• **About this task**: The pictures stay out; everything else in the entries below must be returned exactly.

• **Information given**:
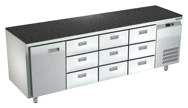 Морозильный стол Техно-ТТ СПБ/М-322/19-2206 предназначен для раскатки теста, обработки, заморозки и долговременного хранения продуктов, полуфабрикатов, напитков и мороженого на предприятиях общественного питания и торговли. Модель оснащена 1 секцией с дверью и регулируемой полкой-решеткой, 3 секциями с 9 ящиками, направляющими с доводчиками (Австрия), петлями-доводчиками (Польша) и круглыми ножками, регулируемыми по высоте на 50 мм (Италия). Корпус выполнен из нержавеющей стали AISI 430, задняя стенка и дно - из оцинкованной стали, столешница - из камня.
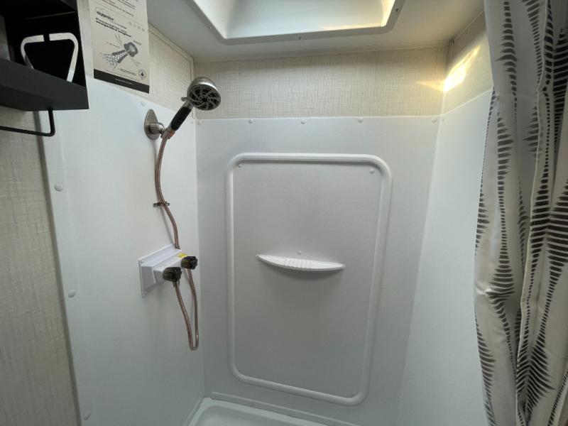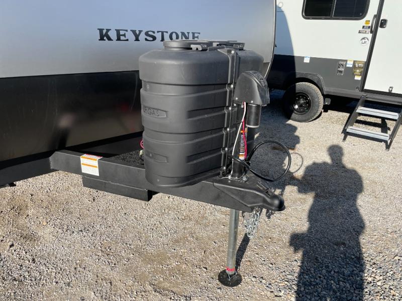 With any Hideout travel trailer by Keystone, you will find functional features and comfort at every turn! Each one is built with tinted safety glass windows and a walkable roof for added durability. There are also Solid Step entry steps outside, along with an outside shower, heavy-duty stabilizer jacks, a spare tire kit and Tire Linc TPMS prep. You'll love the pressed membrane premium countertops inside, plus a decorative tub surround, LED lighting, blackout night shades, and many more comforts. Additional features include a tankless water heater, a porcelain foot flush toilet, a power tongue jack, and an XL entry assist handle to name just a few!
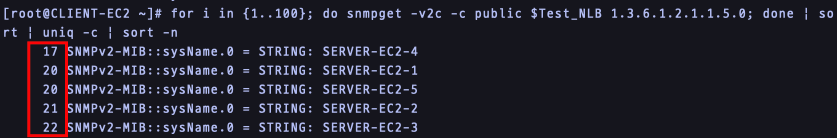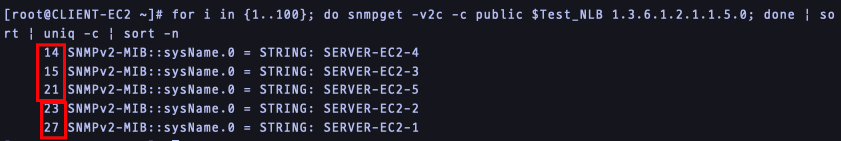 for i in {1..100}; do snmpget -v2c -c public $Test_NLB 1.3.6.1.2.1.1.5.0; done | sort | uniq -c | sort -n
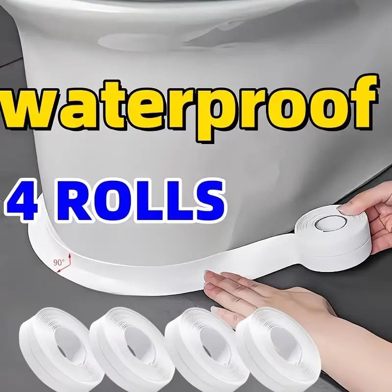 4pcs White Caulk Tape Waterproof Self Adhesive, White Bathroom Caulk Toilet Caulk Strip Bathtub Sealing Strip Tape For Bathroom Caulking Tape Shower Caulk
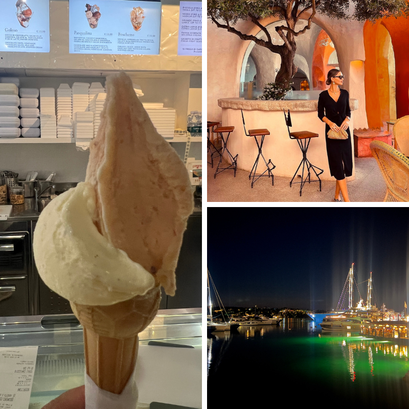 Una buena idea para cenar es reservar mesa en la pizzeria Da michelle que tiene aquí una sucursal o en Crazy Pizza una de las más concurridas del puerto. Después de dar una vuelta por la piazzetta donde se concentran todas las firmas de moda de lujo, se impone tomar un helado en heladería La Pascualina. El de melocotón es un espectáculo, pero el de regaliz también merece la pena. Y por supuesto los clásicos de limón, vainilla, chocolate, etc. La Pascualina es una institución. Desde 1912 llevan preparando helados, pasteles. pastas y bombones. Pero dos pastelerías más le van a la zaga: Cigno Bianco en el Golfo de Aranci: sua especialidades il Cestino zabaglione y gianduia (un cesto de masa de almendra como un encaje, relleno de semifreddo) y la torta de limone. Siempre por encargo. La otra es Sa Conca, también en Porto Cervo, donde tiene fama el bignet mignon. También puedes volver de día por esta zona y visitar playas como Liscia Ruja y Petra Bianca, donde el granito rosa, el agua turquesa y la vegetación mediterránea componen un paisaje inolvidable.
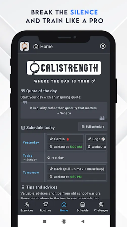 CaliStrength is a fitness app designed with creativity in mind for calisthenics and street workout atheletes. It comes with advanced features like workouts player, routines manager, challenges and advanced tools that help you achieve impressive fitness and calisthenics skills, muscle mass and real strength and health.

• **Response to this exercise**:
 Морозильный стол Техно-ТТ СПБ/М-322/19-2206 предназначен для раскатки теста, обработки, заморозки и долговременного хранения продуктов, полуфабрикатов, напитков и мороженого на предприятиях общественного питания и торговли. Модель оснащена 1 секцией с дверью и регулируемой полкой-решеткой, 3 секциями с 9 ящиками, направляющими с доводчиками (Австрия), петлями-доводчиками (Польша) и круглыми ножками, регулируемыми по высоте на 50 мм (Италия). Корпус выполнен из нержавеющей стали AISI 430, задняя стенка и дно - из оцинкованной стали, столешница - из камня.
 With any Hideout travel trailer by Keystone, you will find functional features and comfort at every turn! Each one is built with tinted safety glass windows and a walkable roof for added durability. There are also Solid Step entry steps outside, along with an outside shower, heavy-duty stabilizer jacks, a spare tire kit and Tire Linc TPMS prep. You'll love the pressed membrane premium countertops inside, plus a decorative tub surround, LED lighting, blackout night shades, and many more comforts. Additional features include a tankless water heater, a porcelain foot flush toilet, a power tongue jack, and an XL entry assist handle to name just a few!
 for i in {1..100}; do snmpget -v2c -c public $Test_NLB 1.3.6.1.2.1.1.5.0; done | sort | uniq -c | sort -n
 4pcs White Caulk Tape Waterproof Self Adhesive, White Bathroom Caulk Toilet Caulk Strip Bathtub Sealing Strip Tape For Bathroom Caulking Tape Shower Caulk
 Una buena idea para cenar es reservar mesa en la pizzeria Da michelle que tiene aquí una sucursal o en Crazy Pizza una de las más concurridas del puerto. Después de dar una vuelta por la piazzetta donde se concentran todas las firmas de moda de lujo, se impone tomar un helado en heladería La Pascualina. El de melocotón es un espectáculo, pero el de regaliz también merece la pena. Y por supuesto los clásicos de limón, vainilla, chocolate, etc. La Pascualina es una institución. Desde 1912 llevan preparando helados, pasteles. pastas y bombones. Pero dos pastelerías más le van a la zaga: Cigno Bianco en el Golfo de Aranci: sua especialidades il Cestino zabaglione y gianduia (un cesto de masa de almendra como un encaje, relleno de semifreddo) y la torta de limone. Siempre por encargo. La otra es Sa Conca, también en Porto Cervo, donde tiene fama el bignet mignon. También puedes volver de día por esta zona y visitar playas como Liscia Ruja y Petra Bianca, donde el granito rosa, el agua turquesa y la vegetación mediterránea componen un paisaje inolvidable.
 CaliStrength is a fitness app designed with creativity in mind for calisthenics and street workout atheletes. It comes with advanced features like workouts player, routines manager, challenges and advanced tools that help you achieve impressive fitness and calisthenics skills, muscle mass and real strength and health.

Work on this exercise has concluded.